Indian Pediatrics 2003; 40:150-154 

Neurological Complications of Rabies Vaccines


Milind S. Tullu, Sean Rodrigues, Mamta N. Muranjan, Sandeep B. Bavdekar, Jaishree R. Kamat and Priya R. Hira*

From the Departments of Pediatrics and Radiology*, Seth G.S. Medical College and KEM Hospital, Parel, Mumbai 400 012, Maharashtra, India.

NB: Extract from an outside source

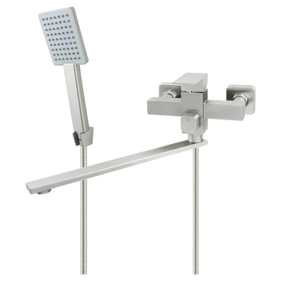 Змішувач для ванни VENTA з плоским виливом. Змішувач одноважільний з керамічним картриджем 35 мм. Всі змішувачі VENTA - це вироби, повністю виготовлено з нержавіючої сталі, тому продукція після тривалої служби зберігає свій блиск. В основу виготовлення змішувача була закладена простота форм в поєднанні зі зручним і стильним дизайном, тому дана модель відмінно підійде для будь-якого інтер'єру і впишеться в будь-яку колірну гамму. Вся сантехніка має сертифікати якості та санітарно-гігієнічні висновки.

Correspondence to: Dr. Milind S. Tullu, "Sankalp Siddhi", Block No.1, Ground Floor, Kher Nagar, Bandra (East), Mumbai 400 051, Maharashtra, India.
E-mail: [email protected]

Manuscript received: March 21, 2002; Initial review completed: August 9, 2002;
Revision accepted: October 4, 2002.

The rabies vaccines containing neural elements are used in some countries including India. We report three cases that presented with various neurological complications following the use of these vaccines. The presenting manifestations included those of encephalitis, radiculitis and acute inflammatory demyelinating polyradiculoneuropathy. These neurological complications are highlighted so that scientific evidence compels the community to discontinue the use of the neural tissue rabies vaccines. Newer generation cell culture rabies vaccines should be preferred over the neural tissue rabies vaccines for post-exposure prophylaxis.

Key words: Demyelination, Encephalomyelitis.

Rabies vaccines containing neural elements of lower animals are associated with neurological complications like encephalitis, encephalomyelitis, myeloradiculitis and polyradiculitis(1-4). These neural vaccines are still used in many countries including India(1,2). There is a paucity of Indian literature on the adverse neurological effects of the rabies vaccines including the sheep brain vaccine. It is essential that these are highlighted so that scientific evidence compels the community to discontinue the use of these animal brain vaccines, to promote the use of safer rabies vaccines and to take appropriate measures to control the menace of animal bites. We report three cases who presented to us in years 2000-2001 with varied neurological complications caused by the neural tissue containing rabies vaccines.

Case Reports

Case 1: A 2˝-year-old boy presented with high-grade fever, irritability and altered sensorium for two days. The child had received one dose of beta propiolactone inactivated neural rabies vaccine and four doses of chick embryo cell culture vaccine (following an unprovoked dog bite on the dorsum of the right hand) 3 weeks ago. The patient had history of multiple seizures, poor feeding, unsteadiness of gait and irrelevant speech.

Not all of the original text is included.